= Patrice Tonda =

Gabonese politician and diplomat

Patrice Tonda is a Gabonese politician and diplomat. He served in the government of Gabon as Minister of Housing from 2007 to 2008 and then as Minister of Trade and Industrial Development, in charge of NEPAD, from 2008 to 2009.

==Early career and teaching==
Tonda is an engineer with a degree in experimental physics. After working at a uranium mining company as Deputy Director-General beginning in 1981, he was appointed as a special adviser on mining to President Omar Bongo in 1988, and he was professor of industrial economics at the Institut National Supérieur de Gestion, part of the University of Libreville, from 1989 to 1990. Subsequently he worked in Belgium as the CEO of Wongo International and professor of experimental physics at l'Athénée Royal d'Ath from 1991 to 1993.

==Diplomatic career==
Tonda became Gabon's Ambassador to Senegal in 1996, and in 1997 he was additionally accredited as Ambassador to Cape Verde, Guinea-Bissau, The Gambia, and Guinea. He was appointed as Permanent Representative of Gabon to the United Nations at Geneva in 2003; while remaining Permanent Representative to the United Nations at Geneva, he was also appointed as Permanent Representative to United Nations Industrial Development Organization (UNIDO), based in Vienna, in 2006. He presented his credentials as Permanent Representative to UNIDO on 23 November 2006.

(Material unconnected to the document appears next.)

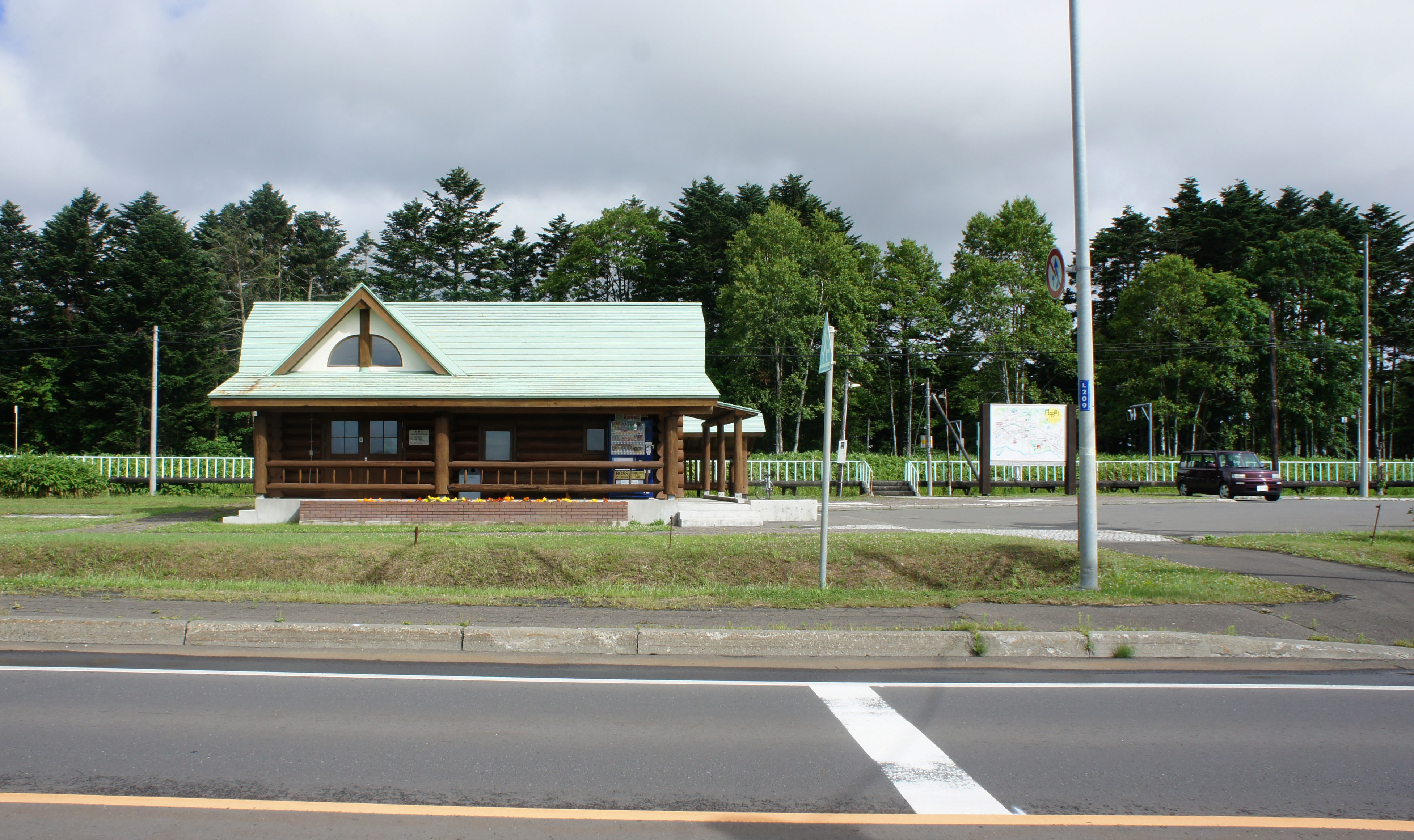 Overall of JR Sassho-Line Tsukigaoka Station

Following extended negotiations, the United Nations Human Rights Council appointed Tonda as one of six members of a team to investigate violence in Darfur in late January 2007. The composition of the team, which was headed by Jody Williams, was the result of a compromise between Western countries, which had a very critical view of the Sudanese government's actions, and African and Arab countries, which were more sympathetic to the Sudanese government. The members of the UN team were not given visas and therefore were forced to conduct their research using information available outside of Sudan. Sudan furiously denounced the team, and Tonda returned to Geneva during the team's futile wait for visas. He nevertheless remained part of the team.

==Political career==
Tonda was appointed to the government of Gabon as Minister of Lodgings, Housing, and Urban Planning on 28 December 2007. He was then moved to the position of Minister of Trade and Industrial Development, in charge of NEPAD, on 7 October 2008.

Bongo died in June 2009. After Bongo's son, Ali Bongo Ondimba, won the 30 August 2009 presidential election, Tonda was dismissed from the government on 17 October 2009. He was then appointed as Chairman of the Board of Gabon Telecom on 19 October 2009.